O heroísmo da equipe de Toninho Cecílio mais uma vez consumado em Barretos, quando jogou mais de um tempo com 10 jogadores, por conta da expulsão do lateral Paulo, não é algo a ser cultuado como regra geral do Santo André do futuro. Há espaço de sobra para que a equipe dentro de campo alcance resultados menos dramáticos. Basta que se reorganize e se potencialize fora das quatro linhas.

Assim como um povo não deve viver de messias, um time de futebol não pode depender de uma única liderança, caso de Toninho Cecílio. Sem o treinador, espécie de Felipão dos bons tempos, o Santo André não teria chegado à Primeira Divisão da forma mais impressionante da história.

E nem se pode afirmar que o acesso é imerecido. Havia, certamente, equipes mais bem preparadas e organizadas, como o São Caetano e o Bragantino, primeiro e segundo colocados na classificação ao final da primeira fase. Mas nenhuma dessas equipes contava com um Toninho Cecílio a decifrar cirurgicamente o melhor caminho à festa final. O Santo André que volta à Primeira Divisão fez de cada jogo do mata-mata a própria sobrevivência como instituição.

Cinquentenário valioso

A partir de agora a direção do Santo André deve olhar para o calendário e traçar um plano de metas que precisa ser levado à prática para que, ano que vem, quando a equipe estrear numa Primeira Divisão que terá apenas 16 equipes, o que a tornará ainda mais valiosa, os 90 minutos de cada jogo não sejam uma luta acima do normal pelos três pontos e que a classificação a cada rodada não seja um tormento para fugir dos últimos lugares.

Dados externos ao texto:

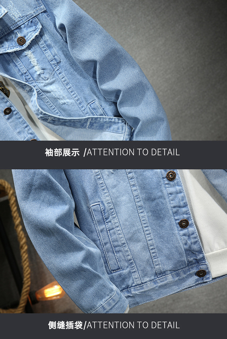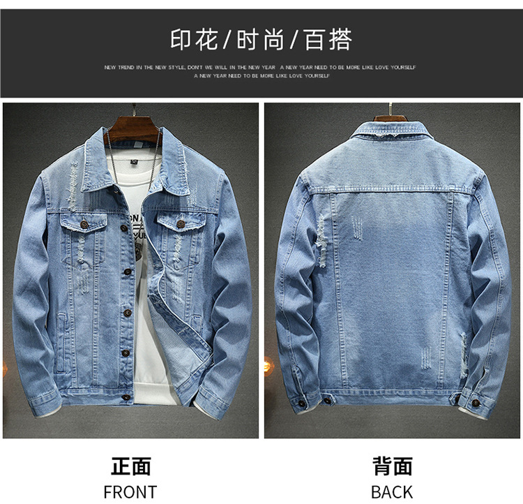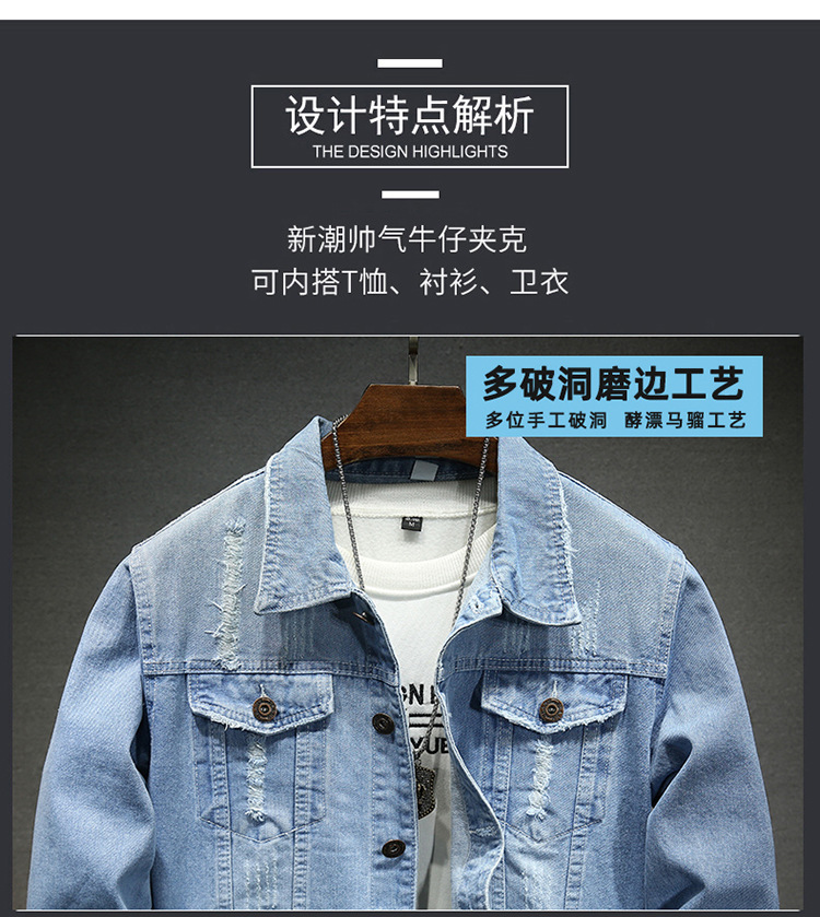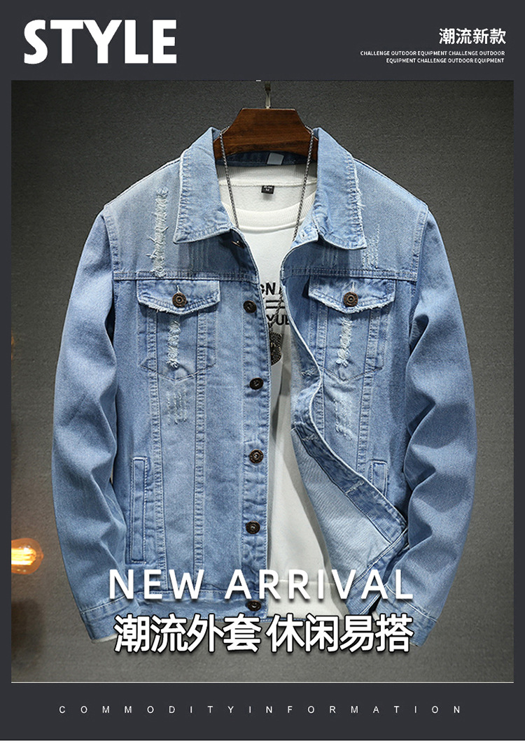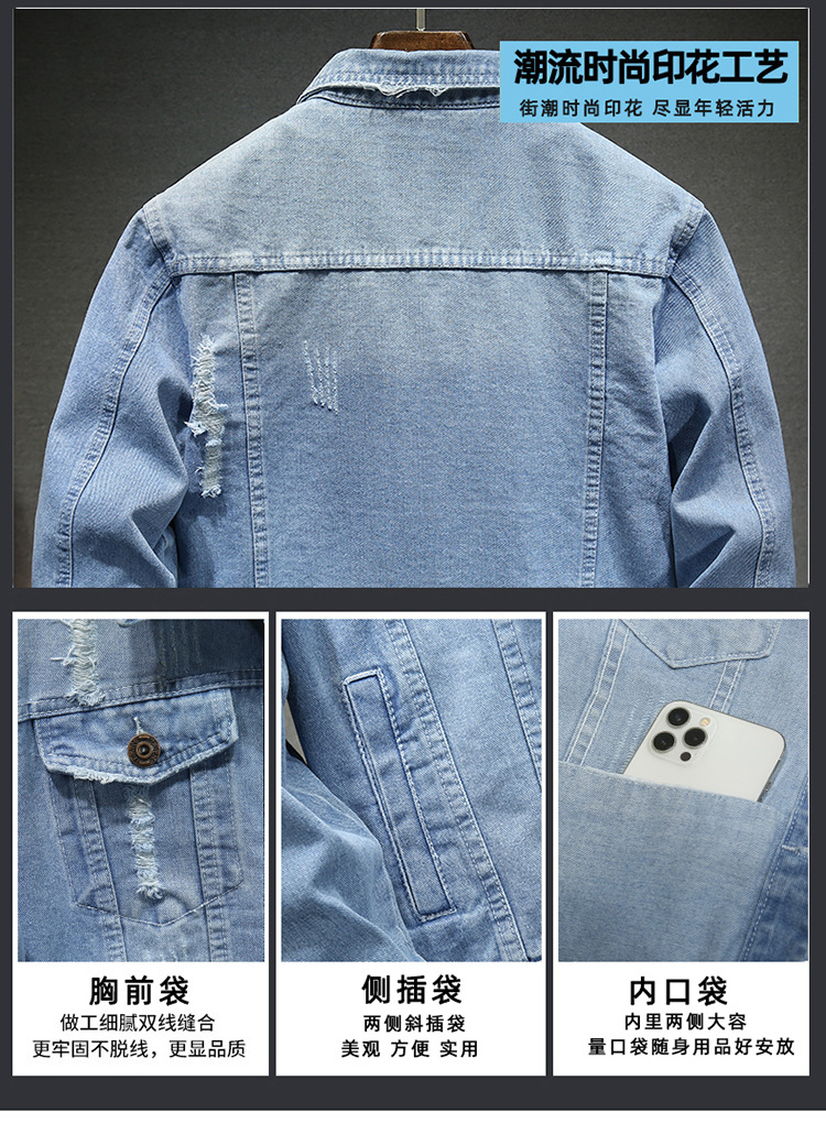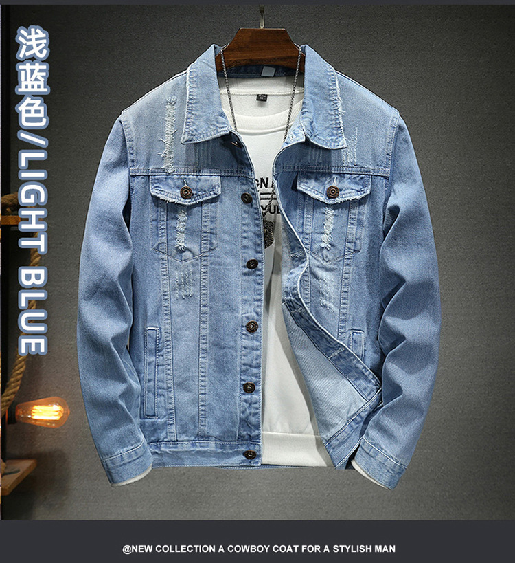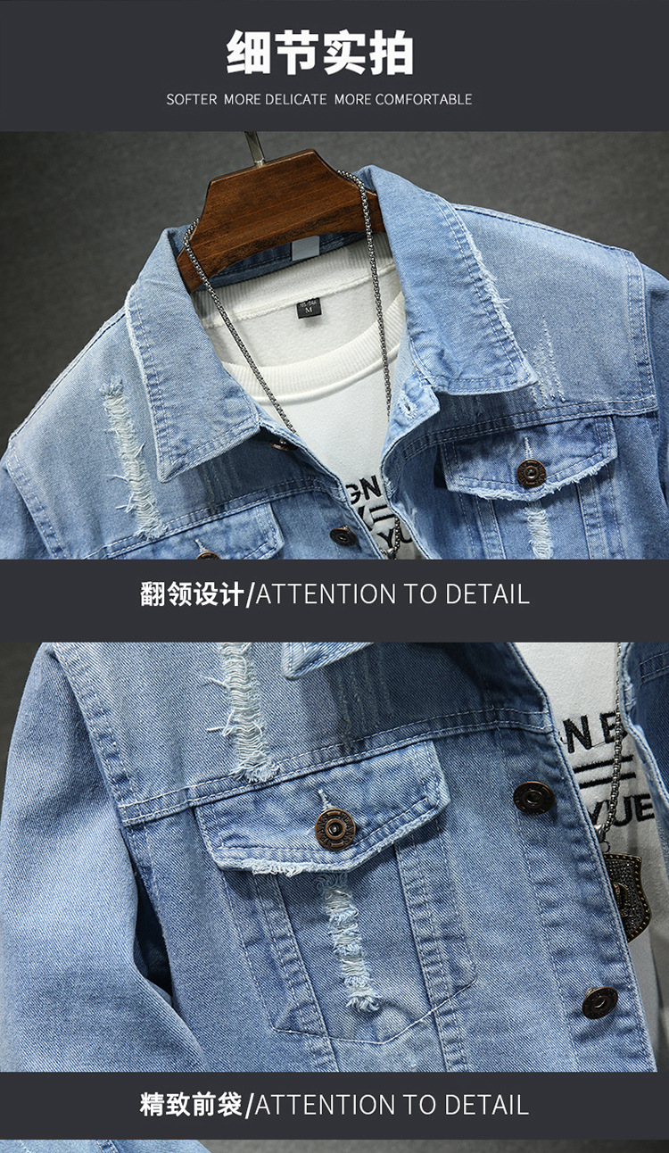 LAZADA 새로운 유행 남성 자켓 탑 봄과 가을 라이트 블루 슬림핏 그라인딩 홀 데님 재킷 남성용스토어 가기

Os 50 anos de vida que o Santo André completará no ano que vem não são pouca coisa. Há uma herança de paixão em azul e branco que aquela massa de jovens torcedores expressou ao invadir as arquibancadas no Estádio Bruno Daniel. O Santo André é um dos elementos mais importantes da identidade cultural, esportiva e social de uma cidade que se desmancha institucionalmente com a perda do tônus econômico.

Um patrimônio de 50 anos ainda subestimado como fonte de inspiração a novas empreitadas da sociedade como um todo.